When running the plugin in debug mode I can see the charts being generated but where should I see the values for the charts? In @exa’s logs above and in mine I don’t see the actual metrics. I can see from the network activity that it is running a speedtest because the bandwidth profile is the same as when I run speedtest from the command-line manually. So I’m guessing the issue is with the plugin itself.
Also testing this on a Raspberry Pi 4B 4GB (Ubuntu 22.04.1 LTS).
OK, I’ve got data to show up.
The issue here is that the test/sampling happens every 30 minutes at the top of the hour and bottom of the hour, e.g. 10:00/10:30, 11:00/11:30, and so on.
So, on the default view which shows the last 5 minutes the chart shows no information. If I expand it out to over the past 6 hours then I get data back.

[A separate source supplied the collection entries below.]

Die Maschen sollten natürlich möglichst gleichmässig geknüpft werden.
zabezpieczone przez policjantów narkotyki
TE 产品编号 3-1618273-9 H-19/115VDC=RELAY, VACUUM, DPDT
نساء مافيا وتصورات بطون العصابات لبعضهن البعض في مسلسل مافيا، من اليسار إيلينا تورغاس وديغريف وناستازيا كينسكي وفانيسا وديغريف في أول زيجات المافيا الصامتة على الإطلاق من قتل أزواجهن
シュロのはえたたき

Not ideal but at least I understand it.
The second issue (sorry, I realise this is a community plugin, but just want to be thorough) is that if I select a time frame for which there is only one data-point (e.g., the time is now 22:18 and I’ve set the UI to display the past 30 minutes) then the rendering gets rather messed up. I end up with a dot representing the data point on each chart sat hard to the left of the chart.
In the first place that doesn’t make sense since the sample must be from 22:00 but the time window is 22:18 - 30 minutes and so shouldn’t I see the chart starting from 21:52 and a dot at 22:00?

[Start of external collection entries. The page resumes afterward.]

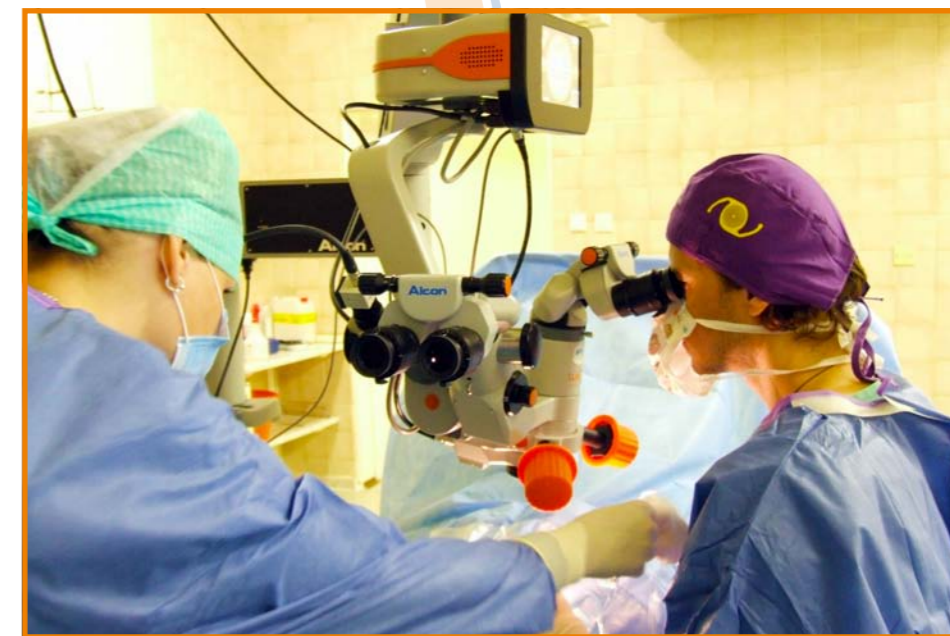
Na operačním sále

torické (při nepravidelném zakřivení rohovky), případně jejich kombinaci – čočky multifokální torické. S využitím speciální 3D analýzy přední části oka na přístroji Pentacam a nového přístroje IOL Master s upgradem na nejmodernější výpočetní formule čoček, spolu s vytvářením tzv. optického řezu sítnice na spektrálním OCT přístroji, jsme schopni vyloučit nevhodné kandidáty na implantaci těchto prémiových čoček a zároveň snížit procento nežádoucích pooperačních chyb na minimum.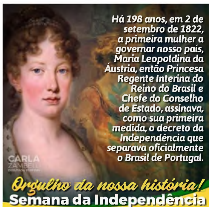
Figura 2. Material das redes sociais da deputada federal Carla Zambelli (PSL-SP) publicado em seu “Facebook” no dia 2 de setembro de 2020.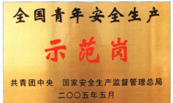
2005年5月，中型型钢厂获全国青年安全生产示范岗称号。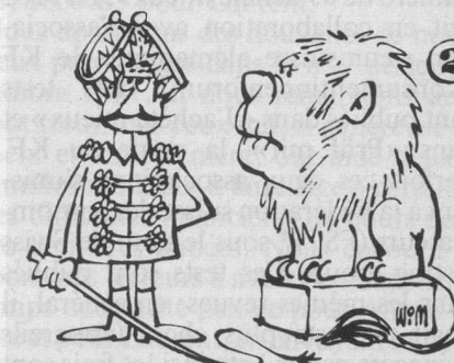
Sans paroles. (Dessin de Moese-Cosmopress.)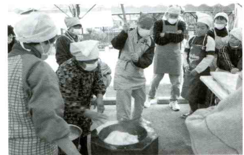
歳末餅つき大作戦

美杉地区では過疎化・少子高齢化の中で、高齢者が高齢者を支えあわなければならない現実があり、日増しに厳しい状況におかれています。その中で美杉地区社協は美杉地区で活動している各団体や学校、地域のみなさまのご尽力をいただきながら「しあわせ」と「ゆたかさ」を求めて活動していきたいと思ひます。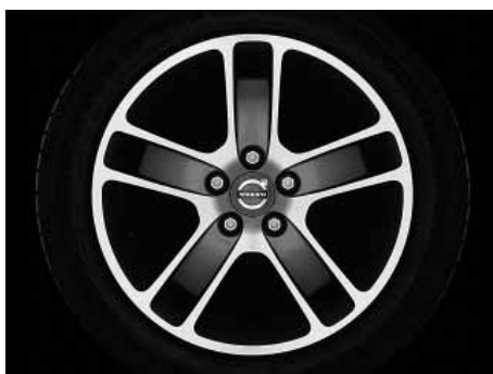
Zaurak Graphit/Silber 7,0 x 17"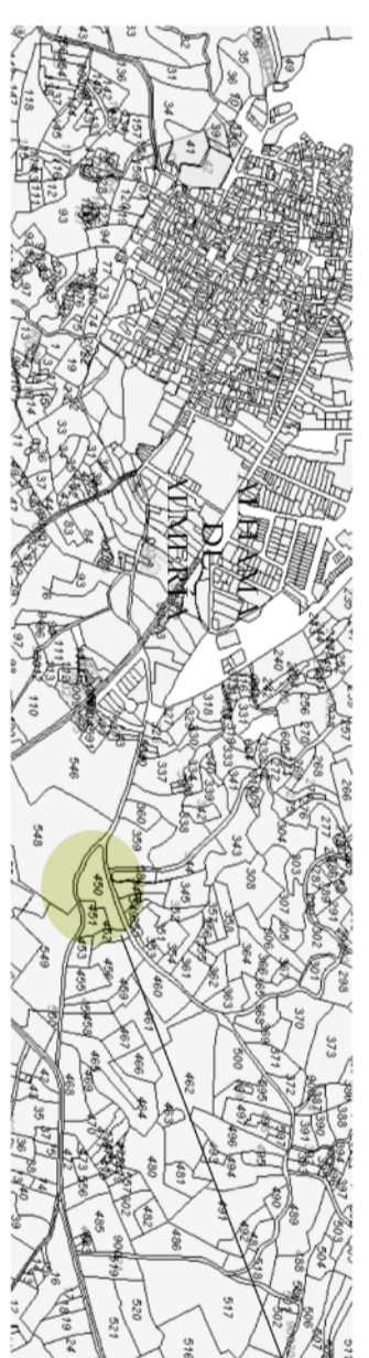
Ubicación de la parcela.

La parcela 450 se ubica en las proximidades de carretera A-348 al Este del Termino Municipal de Alhama, en el polígono 11 del paraje conocido como Malaguil, entre los caminos Paraje de Malaguil y camino de Trachta.

But also, I don’t seem to see the information about the metric timestamp come up like it does for other charts and so it makes it hard to be sure that I am seeing the proper time for the metric rather than just getting a weird rendering.
The third issue is that no matter what time-frame I select, I get empty charts in the netdata cloud view.

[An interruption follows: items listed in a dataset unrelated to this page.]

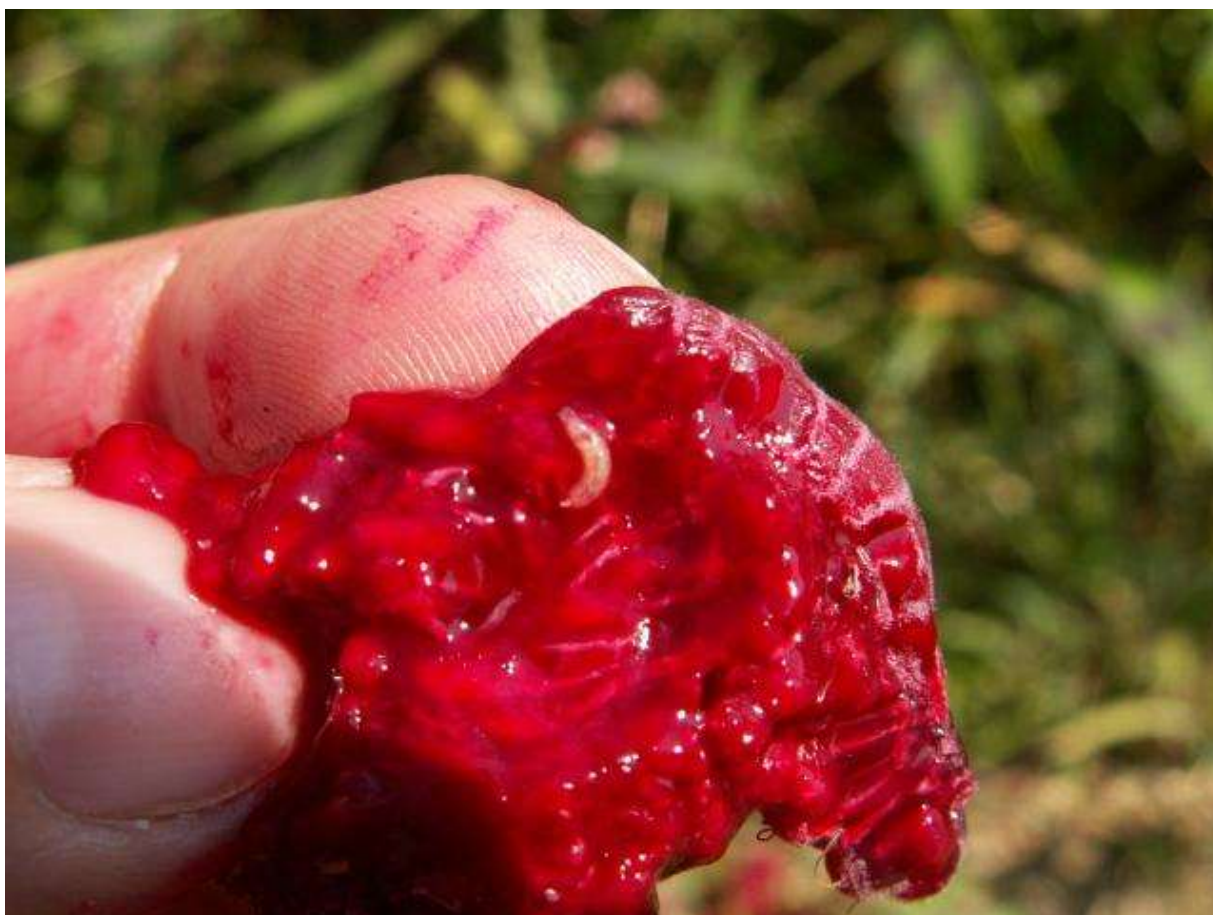
SLIKA 4. LARVA U PLODU MALINE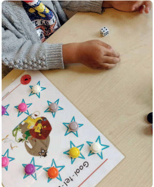
Dit spel komt uit het project Mag ik meedoen?, verkrijgbaar bij Kleuteruniversiteit.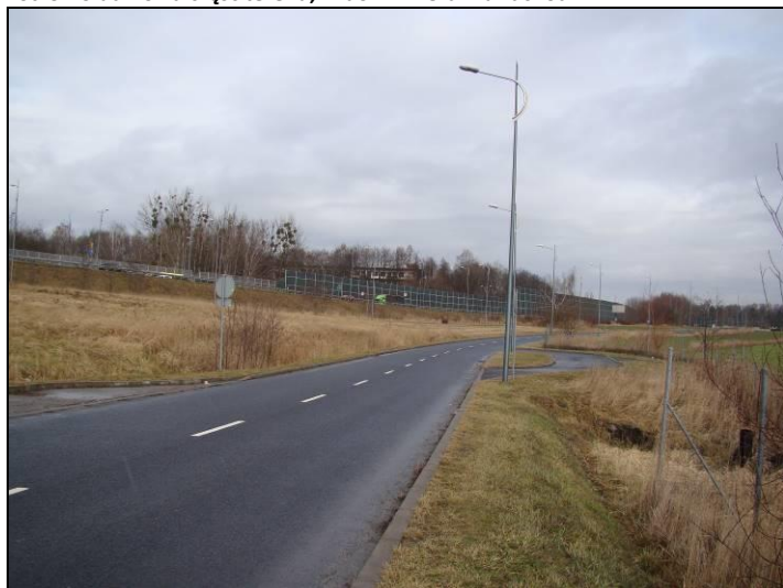
Fot. 10 Nowo powstała droga w zachodniej części obszaru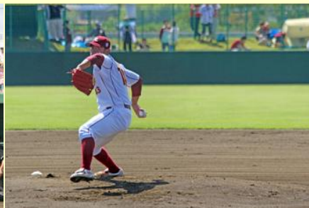
会場には力強い投球音が 響いていました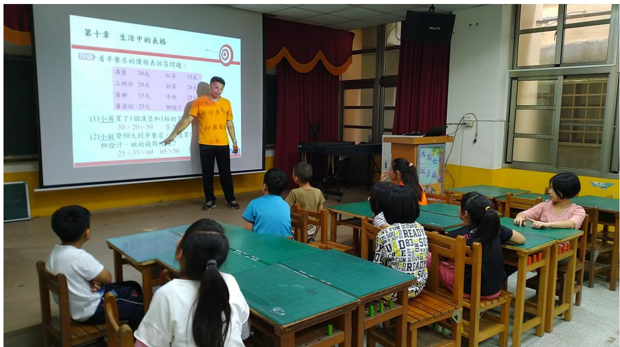
學習扶助利用電子教科書上數學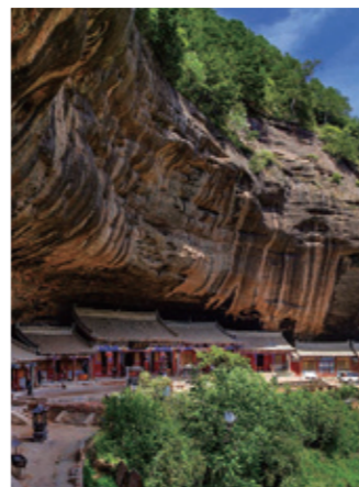
《麦积山·仙人崖初夏》

保护提出建议，涉及遗产委员会改革、发挥遗产的教育功能以及加强对发展中国家遗产保护管理的支持等多个方面。

Follow-up. Luis was correct and I was able to duplicate what he mentions below. Perhaps, there is another way to do this. I’m disappointed in graphing/charting. Again, it’s a metrics/timing thing and how the plugin works. Thanks again.
I actually did these few PR’s to change default to 30 mins and add some warnings.
Scary cloud cost story time…
I actually had this enabled on all 20 of my ml demo nodes running on GCP and with an update every of 2 seconds.
It ended up burning through over $1k usd per day for a day or two due to ingress/egress costs from the speedtest constantly running and fact of insane bandwidth on my gcp VM’s. Ended up with 100’s GB on all my nodes being sent back and forth as part of speedtest running every 2 seconds.
So i added the very conservative 30 mins to make it much safer out of box in case anyone would be in a similar situation to me. And also added some warnings in the README.
The idea being that this would be fine to run every 30 mins and then over a few days and weeks be useful for monitoring isp speed etc while not actually eating into your bandwidth. Typically it would not really make sense to run it at much more frequent intervals below maybe 10 or 15 minutes.
But it all depends really. Main thing was default update_every = 2 was very much not a “sane default” as we found out the hard way.
I will actually add another note about this to the readme and can understand how it would appear confusing as won’t really start showing data properly until after a few hours with default settings (or not at all if using default time filter of 15 minutes etc).
So if you are on an unlimited connection on a raspberry pi and are OK to have speedtest download and upload a bunch of data then setting the speedtest_update_every variable in the speedtest.conf file to a smaller value should do the trick.
I think the default you set is a good one given the potential impact. I also think that the prominence it has on the project page is perfect.
Yes, I have now tested that too but in a way it’s potentially somewhat misleading because it implies that anything less than 30 minutes per sampling will work when it won’t. Even a 4 minute sampling won’t work (it’ll work locally but not on the cloud dashboard).
The issue here is that there are really good reasons why you might not want to sample every second. Obviously this is a fundamental discussion about netdata architecture but a while back I raised the issue with the pihole plugin collecting data every second. It does this by querying a web API interface which then generates an entry in an access logfile; and I’d imagine it does this for a lot of other modules. The problem then is that you fill up logs with noise that could well cause you to lose data related to issues or even security because the additional activity causes logs to roll-over so quickly; and even if you store them you have an awful lot of chaff to get through when checking them.
Might I suggest that a compromise might be an RFC to enable displaying of time-series data with custom sampling intervals via the custom dashboards feature? That way no major changes would probably have to be made to the code for the main overview and node views but would allow people to build out and display their data.
Have you run speedtest-cli as a Netdata user once to accept the license agreements?
Have you reduced the time interval to something smaller to see the charts being populated sooner? (As mentioned above this will increase data consumption so be careful)
If you have done both of the above, then I think the problem is due to the path that this script community/install-collector.sh at main · netdata/community · GitHub is using while copying the collector code. Please verify if the path used is different from the Netdata path on your system, if yes then you can either update the script or do the steps manually.